In other areas of robotics, simulation has become an indispensable tool, especially for the development of AI. However, robotic assembly involves high-precision contact between geometrically complex, tight-tolerance parts. Simulating these contact-rich interactions has long been viewed as computationally intractable.

With recent developments from NVIDIA advancing robotic assembly, faster-than-realtime simulation is possible. These high-speed simulations enable the use of powerful, state-of-the-art techniques in reinforcement learning (RL). With RL, virtual robots explore simulated environments, gain years of experience, and learn useful skills through intelligent trial-and-error. Using RL for robotic assembly minimizes the need for human expertise, increases robustness to variation, and reduces hardware wear and tear. The term sim-to-real refers to the transfer of skills from simulation to the real world.

One of the biggest challenges in using RL for robotic assembly is that skills learned by robots in simulation do not typically transfer well to real-world robots. Subtle discrepancies in physics, motor signals, and sensor signals between the simulator and the real world cause this issue. Moreover, a real-world robot might encounter scenarios never seen in the simulator. These issues are collectively known as the reality gap.

What is IndustReal?

To use RL for challenging assembly tasks and address the reality gap, we developed IndustReal.
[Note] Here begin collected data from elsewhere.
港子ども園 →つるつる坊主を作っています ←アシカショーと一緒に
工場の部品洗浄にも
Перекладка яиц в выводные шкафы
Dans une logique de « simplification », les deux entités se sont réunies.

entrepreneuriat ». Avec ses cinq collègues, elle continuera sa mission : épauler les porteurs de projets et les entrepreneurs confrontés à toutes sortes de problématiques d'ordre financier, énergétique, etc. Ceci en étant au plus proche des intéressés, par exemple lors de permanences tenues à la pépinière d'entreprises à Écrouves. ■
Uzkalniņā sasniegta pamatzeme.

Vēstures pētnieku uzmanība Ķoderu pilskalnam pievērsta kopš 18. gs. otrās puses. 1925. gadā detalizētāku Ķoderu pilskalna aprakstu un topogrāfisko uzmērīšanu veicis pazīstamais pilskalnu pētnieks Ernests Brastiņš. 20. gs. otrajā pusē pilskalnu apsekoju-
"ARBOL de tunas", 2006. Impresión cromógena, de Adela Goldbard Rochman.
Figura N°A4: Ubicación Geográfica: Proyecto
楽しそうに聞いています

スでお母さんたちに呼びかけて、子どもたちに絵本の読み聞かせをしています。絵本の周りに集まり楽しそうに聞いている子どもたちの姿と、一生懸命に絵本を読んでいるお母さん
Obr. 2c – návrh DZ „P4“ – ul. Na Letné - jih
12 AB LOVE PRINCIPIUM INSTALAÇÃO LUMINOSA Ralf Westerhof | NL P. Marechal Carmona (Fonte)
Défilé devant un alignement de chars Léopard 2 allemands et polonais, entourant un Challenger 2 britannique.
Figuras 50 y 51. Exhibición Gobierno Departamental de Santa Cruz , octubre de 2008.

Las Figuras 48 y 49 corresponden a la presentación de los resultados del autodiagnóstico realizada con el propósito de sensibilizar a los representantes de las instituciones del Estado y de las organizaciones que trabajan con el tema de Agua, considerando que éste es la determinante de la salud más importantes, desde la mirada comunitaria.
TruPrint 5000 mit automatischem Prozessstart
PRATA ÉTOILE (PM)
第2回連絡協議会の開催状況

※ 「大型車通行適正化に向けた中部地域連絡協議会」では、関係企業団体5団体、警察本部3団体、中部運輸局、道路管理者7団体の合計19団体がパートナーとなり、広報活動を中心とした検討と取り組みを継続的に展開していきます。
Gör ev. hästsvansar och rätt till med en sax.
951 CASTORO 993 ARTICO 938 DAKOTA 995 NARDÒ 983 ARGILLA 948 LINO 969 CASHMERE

IndustReal is a set of algorithms, systems, and tools for robots to solve assembly tasks in simulation and transfer these capabilities to the real world.  

IndustReal’s primary contributions include the following:

  • A set of algorithms for simulated robots to solve complex assembly tasks with RL.
  • A method that addresses the reality gap and stabilizes the learned skills when deployed in the real world.
  • A real-world robotic system that performs sim-to-real transfer of simulation-trained assembly skills from end-to-end.
  • A hardware and software toolkit for researchers and engineers to reproduce the system.
    • IndustRealKit is a set of 3D-printable CAD models of assets inspired by NIST Task Board 1, the established benchmark for robotic assembly.
    • IndustRealLib is a lightweight Python library that deploys skills learned in the NVIDIA Isaac Gym simulator onto a real-world Franka Emika Panda robot arm.
Robot inserts pegs and assembles gears in simulation and the real world.
Figure 1. Robot executes simulation-based policies for inserting pegs and assembling gears (top row.) Real-world deployments of these policies (bottom row)
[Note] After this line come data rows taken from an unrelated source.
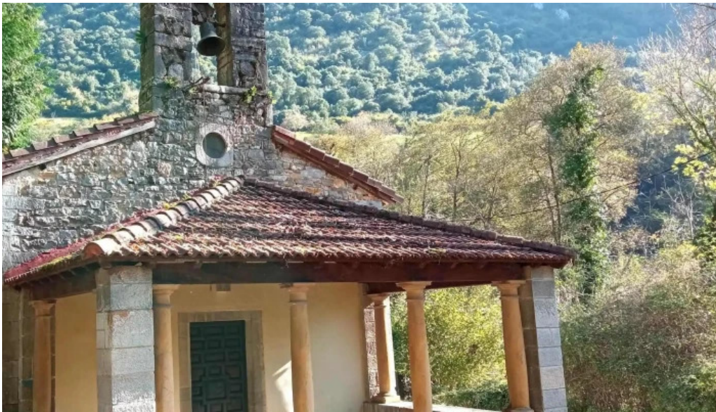
Iglesia de san romano ubicacion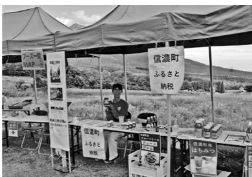
地域の魅力をアピール

A 地域の産品の魅力や価値が寄附金の額に影響すると考えています。寄附額の増加は自主財源の増加に直結します。信濃町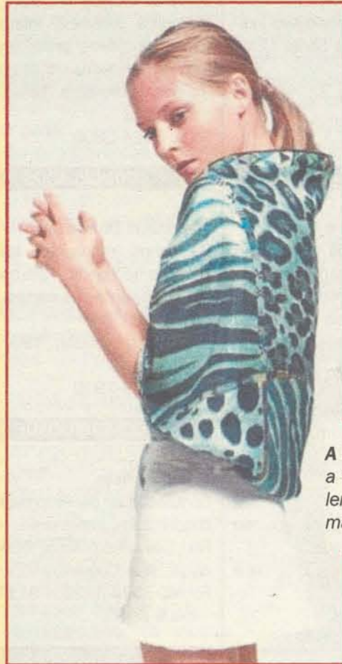
A Hèrmes ensina a transformar um lenço em bolero. O máximo!

diversidade de cores e o melhor, de preços também!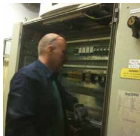
"teknikchefen färdig strömmen till ALA/ALO"

Klubb 631 brev Tomteboda Solna, 29 okt 2013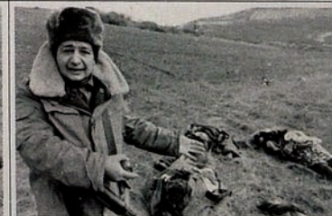
Pendudukan Karabakh oleh Armenia. Ladang dipenuhi jenazah penduduk sipil.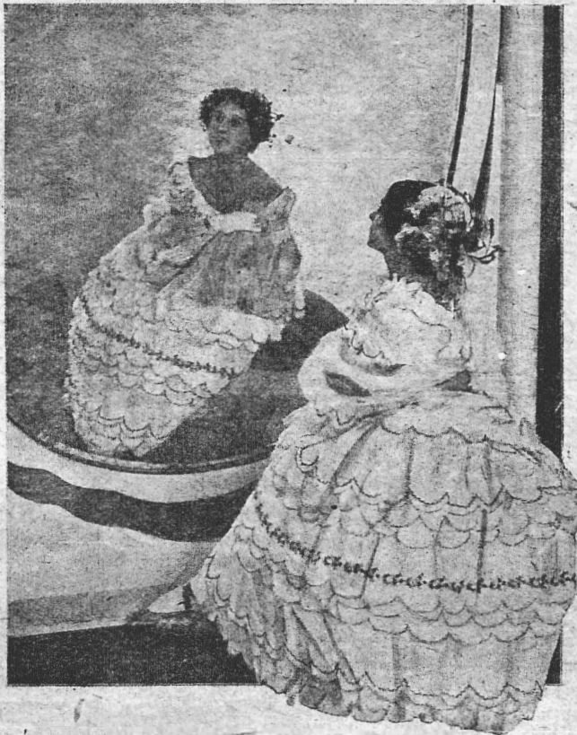
Т. П. Карсавина въ „Карнавалъ“. (Къ открытію балетнаго сезона).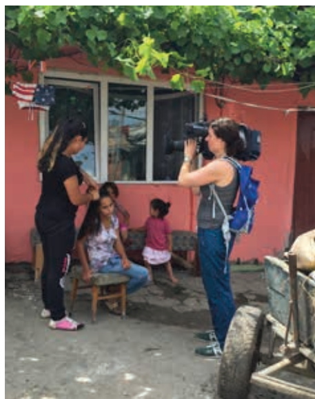
NRK Brennpunkt lager dokumentar om Romfolkets situasjon.

Gå inn på hjemmesiden: www.europaifokus.no eller på Facebook: Hjelpeorganisasjonen Europa i Fokus Bloggen til Thomas: https://detglemtefolket.wordpress.com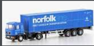
LC4067 MAN F90 CONTAINER-SATTELZUG NORFOLKLINE

Training algorithms and deployment method

In this work, we propose three algorithms to help learn assembly skills using RL in simulation. We also propose a deployment method for executing the skills on a real-world robot. 

Simulation-aware policy update 

Robotics simulators like NVIDIA Isaac Gym and NVIDIA Isaac Sim simulate real-world physics while simultaneously satisfying many physical constraints–most importantly, that objects cannot overlap with one another, or, interpenetrate. In most simulators, small interpenetrations between objects are unavoidable, especially when executing in real time. 

We introduce the simulation-aware policy update (SAPU) that provides the simulated robot with knowledge of when simulation predictions are reliable or unreliable. Specifically, in SAPU, we implement a GPU-based module in NVIDIA Warp that checks for interpenetrations as the robot is learning how to assemble parts using RL. 

We weight the robot’s simulated experience more when interpenetrations are small, and less when interpenetrations are large. This strategy prevents a simulated robot from exploiting inaccurate physics to solve tasks, which would cause it to learn skills that are unlikely to transfer to the real world.

Signed distance field reward

To solve tasks with RL, a reward signal (such as measuring how much progress the robot has made on solving the task) must be defined. However, it is challenging to define a reward signal for the alignment of geometrically complex parts during an assembly process.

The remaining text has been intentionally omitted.